In this week's highlights: OPEC+ group gears up for a crucial three-day virtual meeting; steel markets will be looking for signs of production rebounding; and a last hurrah for German coal.
- Oil production cuts return to the agenda
- Traders eye prospects of fuel demand rebound
- Focus on steel production recovery
- Green pioneer Germany opens new coal power plant
In this week's highlights: steel markets will be looking for signs of production rebounding; and a last hurrah for German coal.
But first, pressure is again building on the OPEC-plus group of producer nations led by Russia and Saudi Arabia as they gear up for a crucial three-day virtual meeting.
Though the meeting is scheduled for next week, ministers are now considering kicking off on Thursday, so July nominations can factor in any changes to oil production quotas.
Following an almighty falling-out in March, relations within the OPEC-plus group have improved as production cuts have lifted prices. However, differences remain on the best approach to clearing the oil glut, and much will depend on mutual goodwill.
OPEC-plus is due to reduce its current formal production to 7.7 million from 9.7 million barrels a day at the end of June, but differences are already emerging. Russia is forecasting oil markets will be back in balance by July, while some OPEC countries are much less bullish.
We should get a taste of Russia's views when the country's largest producer, Rosneft, holds its AGM on Tuesday. CEO Igor Sechin is a noted skeptic about collaboration with OPEC. Toward the end of the week, S&P Global Platts will release its monthly survey of OPEC oil production in May, giving an indication of compliance levels so far.
Doing its bit for the cause of market rebalancing, Norway is due to implement its own voluntary production cuts starting Monday, with a 250,000 barrel-a-day cut through June, easing to 134,000 in the second half. This could be tough on some of the country's smaller producing companies, some of which are already complaining of strained finances.

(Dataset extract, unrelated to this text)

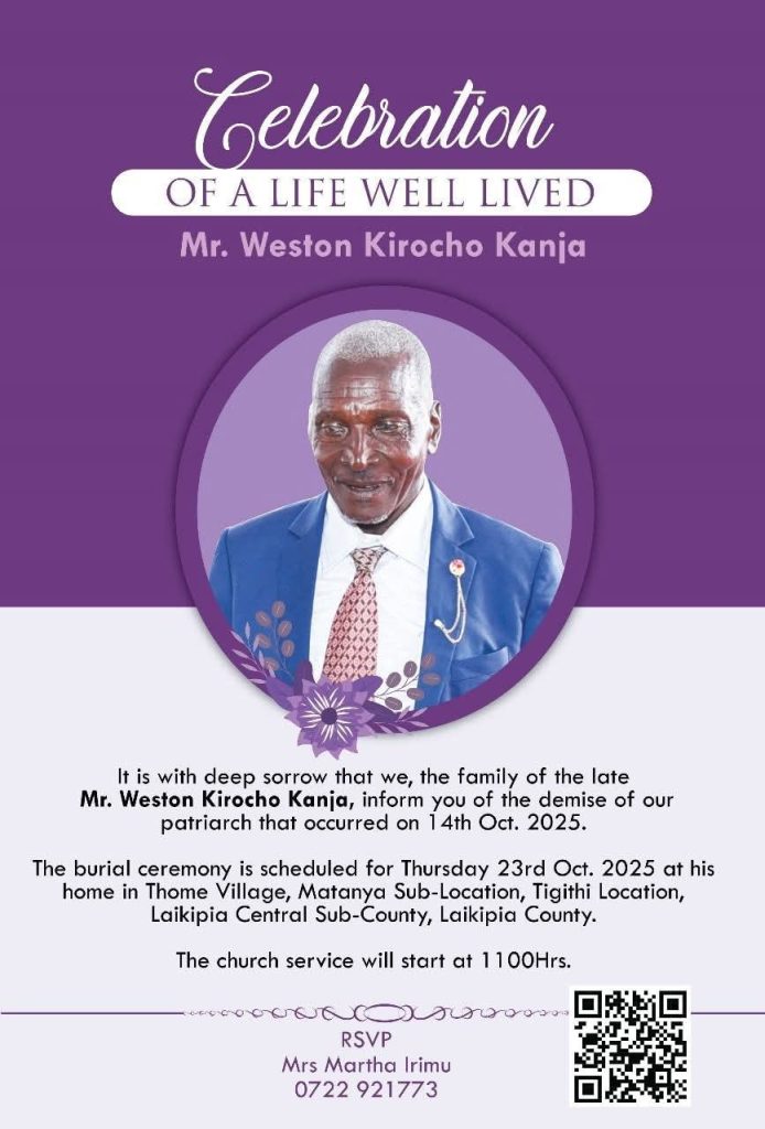Mzee Kirocho will be laid to rest on Thursday, October 23, at his family home in Thome Village, Matanya Sub-Location, Tigithi Location, Laikipia County. His passing came just a day before the country mourned another national figure, former Prime Minister Raila Odinga, who succumbed to cardiac arrest in India. The back-to-back losses cast a somber mood across Kenya, especially as Kanja joined other dignitaries in paying final respects to the ODM leader.

Equal attention is being paid to the demand side of the oil market as Europe emerges from its coronavirus lockdown.
Traders have begun to eye a surge in demand for diesel and jet fuel as Mediterranean countries re-open their borders from July and encourage holiday travel. Nonetheless, stocks have a long way to go before being drawn down as floating and onshore inventories built up at the height of the lockdowns are still high.

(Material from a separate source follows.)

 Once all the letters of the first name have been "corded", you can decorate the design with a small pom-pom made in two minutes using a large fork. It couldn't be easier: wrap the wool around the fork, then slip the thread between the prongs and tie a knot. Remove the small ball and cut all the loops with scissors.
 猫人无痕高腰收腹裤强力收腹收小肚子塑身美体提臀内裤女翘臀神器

Data last week showed driving levels in the continent's largest economies were about 80% of what they were in mid-January before the lockdowns began. But statements from European car manufacturers in recent days show they expect long-term demand to be reduced.
And demand is the subject of our social media question this week: How quickly will European oil demand recover? Tweet us with your thoughts at hashtag #PlattsMM.
And it's not only the oil markets where progress on a return to a more normal supply and demand balance will be monitored. Austrian steelmaker Voestalpine is expected to announce in its earnings press call Wednesday whether it will ramp up production again following restarts in the automotive industry.
The tier-one supplier to the car industry has been hit hard by the pandemic. It halted a blast furnace at its main mill in Linz in mid-March, cutting pig iron production capacity by 20%. Around 20,000 employees have been put on reduced shifts at sites in Austria, with another 6,000 in Germany.
Voestalpine's announcement will be watched closely as an indication of the European steel market's health.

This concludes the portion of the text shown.